REQUIRED WORK
Nothing but the lines from the one containing "雪覆校园心不冷,师生铲雪护平" through the last line of the material should appear in the answer, transcribed exactly, pictures excluded.

RECORDED DATA
+===+

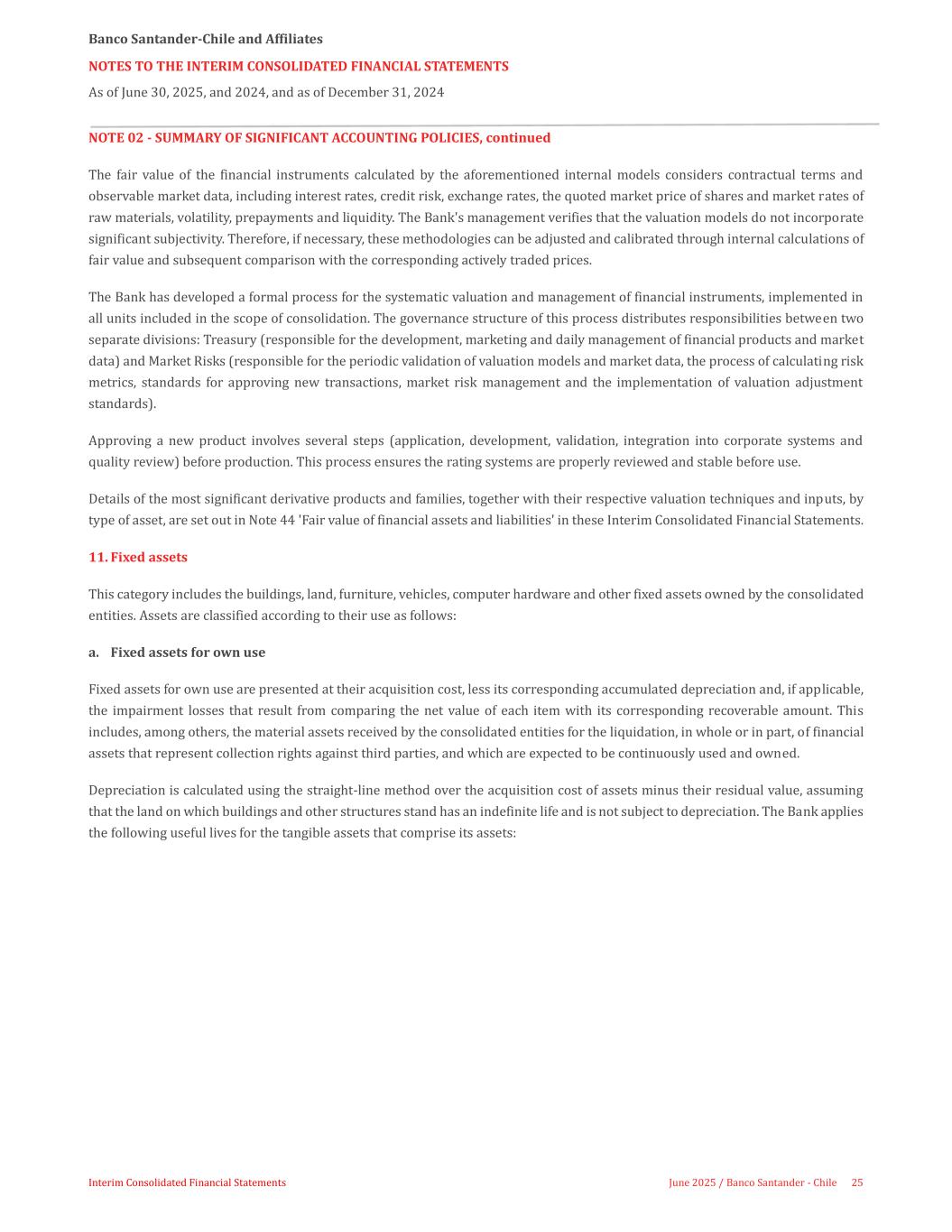 Banco Santander-Chile and Affiliates NOTES TO THE INTERIM CONSOLIDATED FINANCIAL STATEMENTS As of June 30, 2025, and 2024, and as of December 31, 2024 Interim Consolidated Financial Statements June 2025 / Banco Santander - Chile 25 NOTE 02 - SUMMARY OF SIGNIFICANT ACCOUNTING POLICIES, continued The fair value of the financial instruments calculated by the aforementioned internal models considers contractual terms and observable market data, including interest rates, credit risk, exchange rates, the quoted market price of shares and market rates of raw materials, volatility, prepayments and liquidity. The Bank's management verifies that the valuation models do not incorporate significant subjectivity. Therefore, if necessary, these methodologies can be adjusted and calibrated through internal calculations of fair value and subsequent comparison with the corresponding actively traded prices. The Bank has developed a formal process for the systematic valuation and management of financial instruments, implemented in all units included in the scope of consolidation. The governance structure of this process distributes responsibilities between two separate divisions: Treasury (responsible for the development, marketing and daily management of financial products and market data) and Market Risks (responsible for the periodic validation of valuation models and market data, the process of calculating risk metrics, standards for approving new transactions, market risk management and the implementation of valuation adjustment standards). Approving a new product involves several steps (application, development, validation, integration into corporate systems and quality review) before production. This process ensures the rating systems are properly reviewed and stable before use. Details of the most significant derivative products and families, together with their respective valuation techniques and inputs, by type of asset, are set out in Note 44 'Fair value of financial assets and liabilities' in these Interim Consolidated Financial Statements. 11. Fixed assets This category includes the buildings, land, furniture, vehicles, computer hardware and other fixed assets owned by the consolidated entities. Assets are classified according to their use as follows: a. Fixed assets for own use Fixed assets for own use are presented at their acquisition cost, less its corresponding accumulated depreciation and, if applicable, the impairment losses that result from comparing the net value of each item with its corresponding recoverable amount. This includes, among others, the material assets received by the consolidated entities for the liquidation, in whole or in part, of financial assets that represent collection rights against third parties, and which are expected to be continuously used and owned. Depreciation is calculated using the straight-line method over the acquisition cost of assets minus their residual value, assuming that the land on which buildings and other structures stand has an indefinite life and is not subject to depreciation. The Bank applies the following useful lives for the tangible assets that comprise its assets:
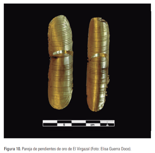 Tiende a admitirse una inspiración del modelo en los pendientes centroeuropeos “en hoja de sauce” (Taylor, 1980: 22; Gimbutas,1965: 39-45), pero en rigor se trata de un tipo de distribución exclusivamente atlántica, del que se conocen poco más de treinta ejemplares: 22 procedentes de Inglaterra, la mayoría de la región sureña de Wessex, 3 de Irlanda, 1 de Escocia y 6 de las costas del resto del continente. Tres de estos últimos son hallazgos costeros, son portugueses (2 piezas de Ermegeira y 1 de Estremoz: Hernando, 1983: 100), pero se trata de adornos de lámina casi redonda en vez de oval, planos en vez de tubulares y con decoración mucho más sencilla, correspondientes al tipo A de la clasificación de Needham (2011). Los de El Virgazal, encontrarían mejores paralelos decorativos en los pendientes ingleses de esta tumba del “arquero”, la práctica totalidad de los “basket-shaped gold ornaments” bien contextualizados de Inglaterra: el “arquero de Amesbury”, el “Compañero del Arquero”, y los señores de las tumbas también campaniformes de Chilbolton, Kirkhaugh y Radley (Fitzpatrick et al., 2016), además de aparecer en parejas lo hacen invariablemente en sepulturas de varones adultos.
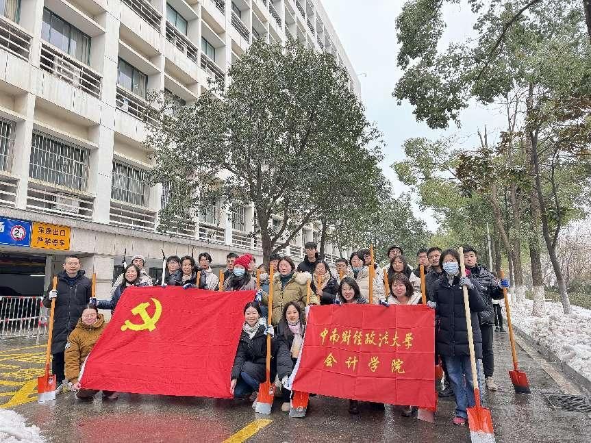 雪覆校园心不冷,师生铲雪护平安。会计学院师生将继续迎难而上、勇于担当,充分发挥先锋模范作用,让党旗在战冰雪、暖人心、保平安一线高高飘扬!
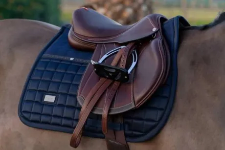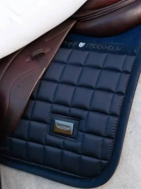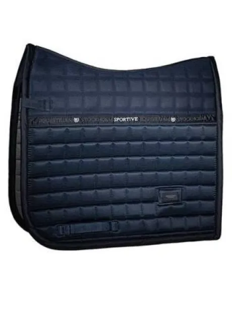 - Tapis au design sportif bleu marine, avec du mesh bleu décoratif et des détails chromes.

+===+

ANSWER BOX
 雪覆校园心不冷,师生铲雪护平安。会计学院师生将继续迎难而上、勇于担当,充分发挥先锋模范作用,让党旗在战冰雪、暖人心、保平安一线高高飘扬!
 - Tapis au design sportif bleu marine, avec du mesh bleu décoratif et des détails chromes.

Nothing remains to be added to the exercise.